これって俺が怒られる事柄かな、怒られるならやだなぁ。
まぁ、新しく将軍が来たら、俺は解任されるだろうから知らんぷりでもしてよう。きっと新しく来てくれた人が頑張ってくれるさ。
というわけで、今の所はどうでも良いや。
食糧が足りないならケイネンハイムさんの所からもらいましょう。東部は豊作らしいし、融通してくれるでしょう。
ケイネンハイムさんからの借金が凄いことになっているらしいけど、聞いたことのない桁に達しているので間違いだろう。つーか、なんでもしてくれるって言ったのに借金とか無いだろう。というわけで踏み倒すのは確定だな。
踏み倒さなくても額が凄いみたいだし、本当に借金だったら、ケイネンハイムさんは親身になってくれるだろうしさ。少額ならまだしも、俺が借りている額だと半端な方法ではケイネンハイムさんは元が取れないし、必死になって俺を助けてくれると思うんだよね。
だって、王国の一年分の軍事予算を数か月で吹っ飛ばしたらしいしさ、俺って。金遣いが荒い気はしないんだけどなぁ。
まぁ、それはそれとして捕虜の処遇だな。
「現状こちらにも余裕はないのでな。寝床は保証できんが、食事くらいはキチンとしたものを用意してやろう」
「おお、それは助かる。やはり皇子の言った通り降伏して正解だったな。ここしばらくマトモな物を食してない故――」
皇子の言った通りとか言ったな。まあ、どうでもいいか。降伏しろって言われて簡単に降伏するのは良くないと思うんだけどな。俺は命が惜しいからヤバくなったら、すぐに降伏するけどさ。
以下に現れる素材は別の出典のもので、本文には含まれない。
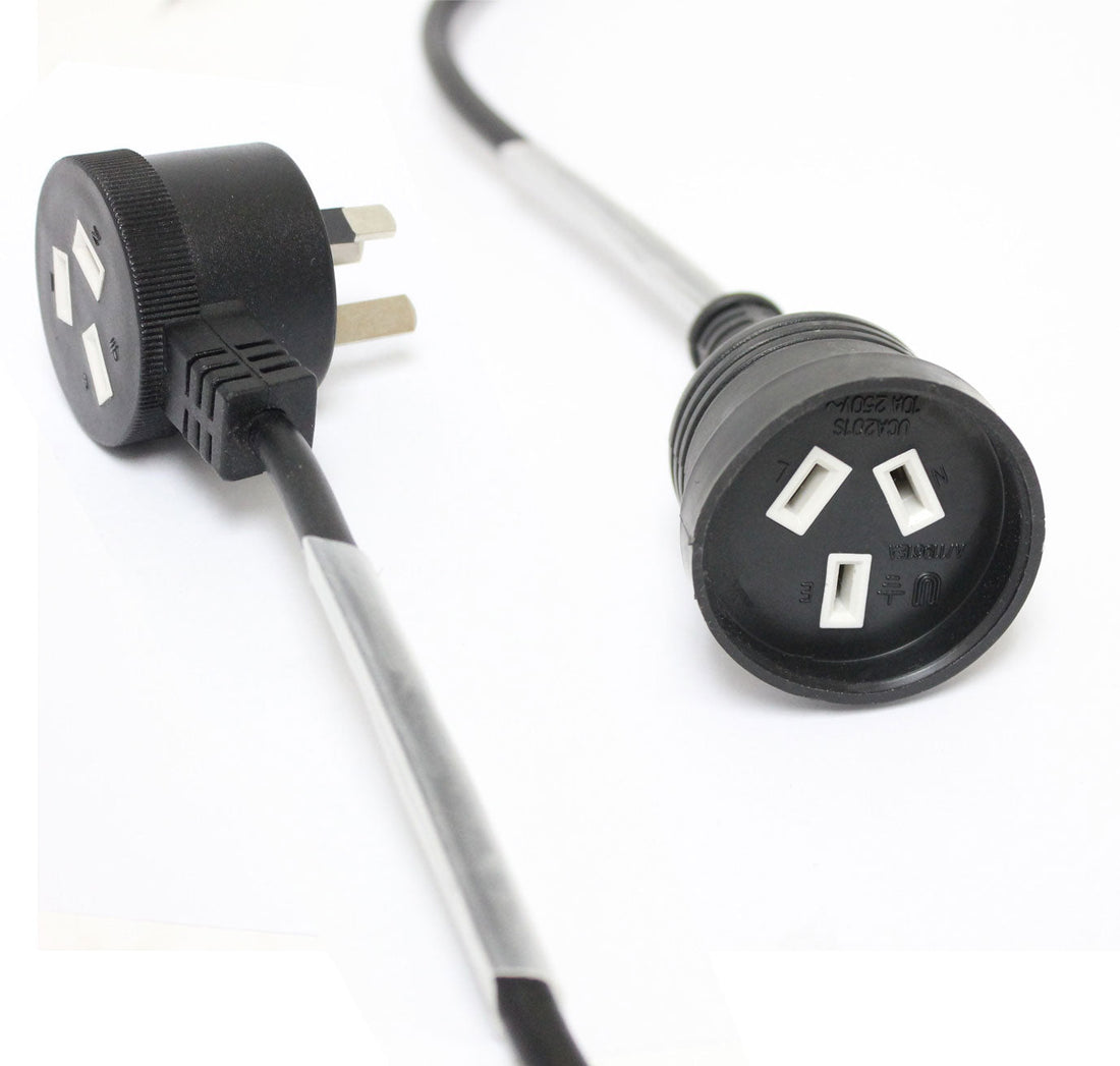 DL 2 Meters Black Piggyback Plug Main Power Extension Cord 240V 3 Pin 10A 1.0mm Cable

とりあえず、寝床はどこでも良いみたいだし、兵士と雑魚寝でもさせておこう。
食事はこちらも心許ないので帝国の兵士は麦粥くらいで良いんじゃないかな? パンは製粉が面倒らしいから粥でも食わせときゃ良いでしょ。
で、貴族の人は普通にパンと肉とスープかな。貴族だけで食ってると寂しいだろうから、兵士と一緒に食べさせてやらないとな。
貴族と食事が違うってことで、貴族の事を恨む兵士が出てくるかもしれないけど、みんないい大人なんだから我慢できるでしょ。我慢できなかった時はどうなるか知らんけど。
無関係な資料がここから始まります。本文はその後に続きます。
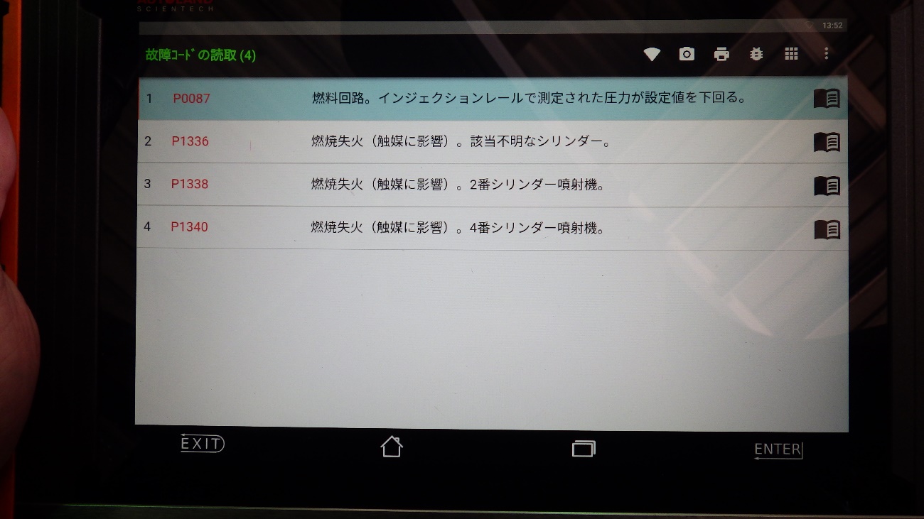 常時エンジンに不調がありましたので、先にテスターを使用して不具合を特定して参ります。

「問題が起きたらこちらもそれなりの処理を行うので、そこの所は理解しておいてもらおうか」
「もちろんだ。問題など起こさんよ」
そりゃよかった。問題が起きたら皆殺しにするからさ。大人しくしていてくれると助かるよ。
こっちが捕虜を大事に扱ってるのはゾンビになられるのが困るからというだけで、ゾンビになった後の処理の手間より、生きている時の世話の手間が優れば殺すんで、そこんところは理解してもらえただろう。
俺だって理解できるんだから、この人らが理解できないはずは無いだろう。だって、こんなに偉そうにしてるんだし能力高いだろうからさ。
とりあえず、こんな感じで良いんじゃないかな。後は大人しく新しい将軍が南部にやってくるのを待つだけだ。
――で、数日後、適切な処理をした結果、帝国の一万人近くいた捕虜は二千人くらいになった。
俺の言っていたことをちゃんとと理解できていなかったようなので仕方ないね。食事関係のトラブルやら、寝床のトラブルとか身分のトラブルとかあったみたいだね。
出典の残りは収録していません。